------ Supplied information ------

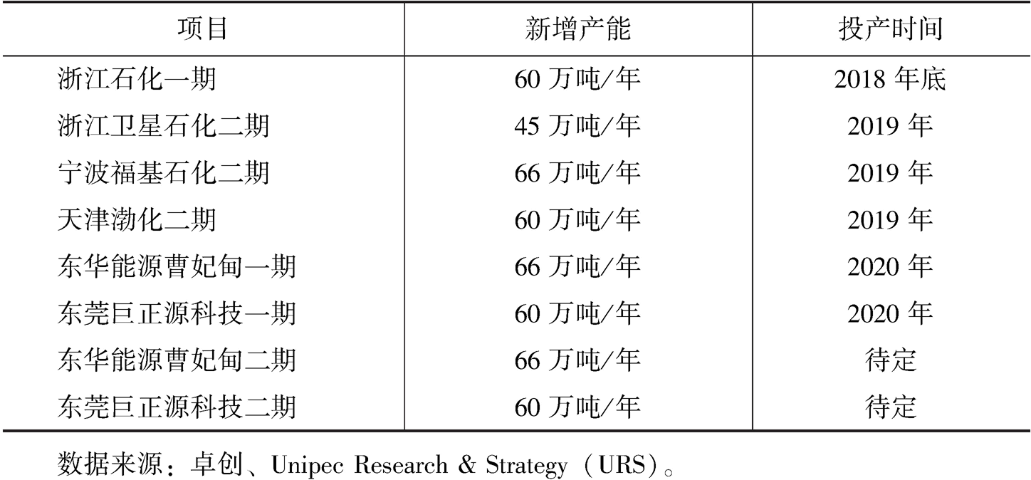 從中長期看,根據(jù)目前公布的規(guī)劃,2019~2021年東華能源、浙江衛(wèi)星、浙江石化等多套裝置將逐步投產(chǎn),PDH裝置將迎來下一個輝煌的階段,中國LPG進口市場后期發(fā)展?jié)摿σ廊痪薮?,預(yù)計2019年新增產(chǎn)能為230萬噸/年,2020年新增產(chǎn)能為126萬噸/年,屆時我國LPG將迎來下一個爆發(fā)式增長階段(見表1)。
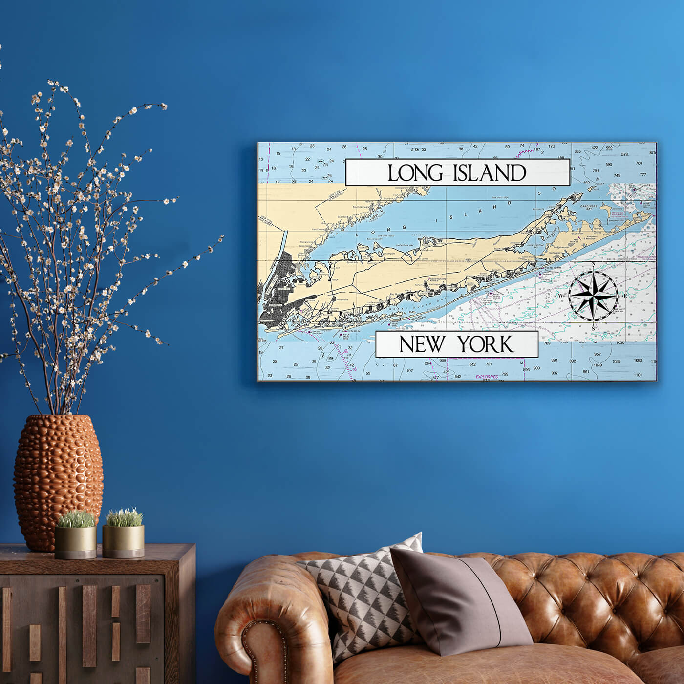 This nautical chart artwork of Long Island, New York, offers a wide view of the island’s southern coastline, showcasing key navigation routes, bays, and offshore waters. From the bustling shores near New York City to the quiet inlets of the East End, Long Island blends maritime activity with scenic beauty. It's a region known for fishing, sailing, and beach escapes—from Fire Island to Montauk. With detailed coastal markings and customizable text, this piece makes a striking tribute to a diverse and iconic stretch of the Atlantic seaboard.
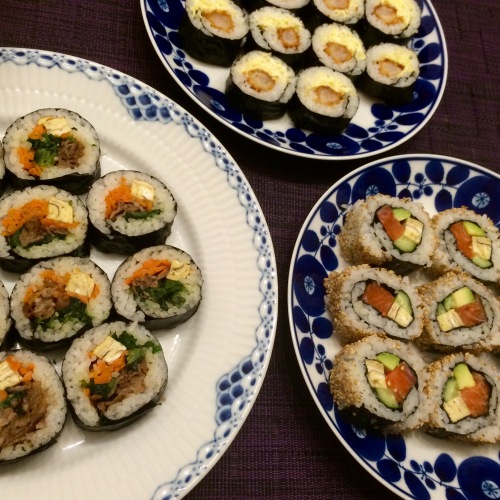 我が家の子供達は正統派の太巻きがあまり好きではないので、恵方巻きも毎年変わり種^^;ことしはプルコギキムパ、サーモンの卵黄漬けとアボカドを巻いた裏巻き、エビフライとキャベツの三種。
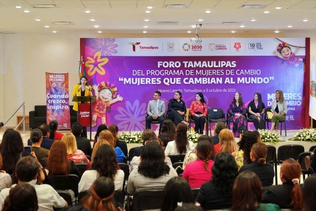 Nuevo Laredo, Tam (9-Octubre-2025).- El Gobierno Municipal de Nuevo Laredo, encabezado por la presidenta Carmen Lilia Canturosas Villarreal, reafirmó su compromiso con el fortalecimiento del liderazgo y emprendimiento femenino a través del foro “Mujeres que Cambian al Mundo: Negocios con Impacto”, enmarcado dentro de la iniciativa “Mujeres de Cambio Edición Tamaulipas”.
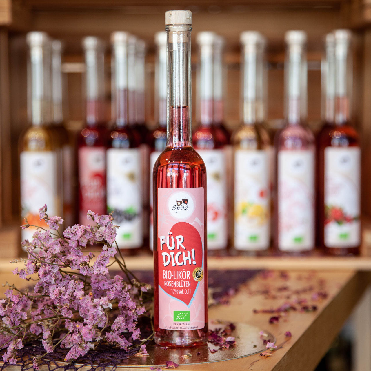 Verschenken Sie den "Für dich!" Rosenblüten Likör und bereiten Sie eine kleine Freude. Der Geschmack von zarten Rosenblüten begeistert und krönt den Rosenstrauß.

------

## Task to carry out
Please copy the entries in full. Leave each image out.

## Solution to the exercise
 從中長期看,根據(jù)目前公布的規(guī)劃,2019~2021年東華能源、浙江衛(wèi)星、浙江石化等多套裝置將逐步投產(chǎn),PDH裝置將迎來下一個輝煌的階段,中國LPG進口市場后期發(fā)展?jié)摿σ廊痪薮?,預(yù)計2019年新增產(chǎn)能為230萬噸/年,2020年新增產(chǎn)能為126萬噸/年,屆時我國LPG將迎來下一個爆發(fā)式增長階段(見表1)。
 This nautical chart artwork of Long Island, New York, offers a wide view of the island’s southern coastline, showcasing key navigation routes, bays, and offshore waters. From the bustling shores near New York City to the quiet inlets of the East End, Long Island blends maritime activity with scenic beauty. It's a region known for fishing, sailing, and beach escapes—from Fire Island to Montauk. With detailed coastal markings and customizable text, this piece makes a striking tribute to a diverse and iconic stretch of the Atlantic seaboard.
 我が家の子供達は正統派の太巻きがあまり好きではないので、恵方巻きも毎年変わり種^^;ことしはプルコギキムパ、サーモンの卵黄漬けとアボカドを巻いた裏巻き、エビフライとキャベツの三種。
 Nuevo Laredo, Tam (9-Octubre-2025).- El Gobierno Municipal de Nuevo Laredo, encabezado por la presidenta Carmen Lilia Canturosas Villarreal, reafirmó su compromiso con el fortalecimiento del liderazgo y emprendimiento femenino a través del foro “Mujeres que Cambian al Mundo: Negocios con Impacto”, enmarcado dentro de la iniciativa “Mujeres de Cambio Edición Tamaulipas”.
 Verschenken Sie den "Für dich!" Rosenblüten Likör und bereiten Sie eine kleine Freude. Der Geschmack von zarten Rosenblüten begeistert und krönt den Rosenstrauß.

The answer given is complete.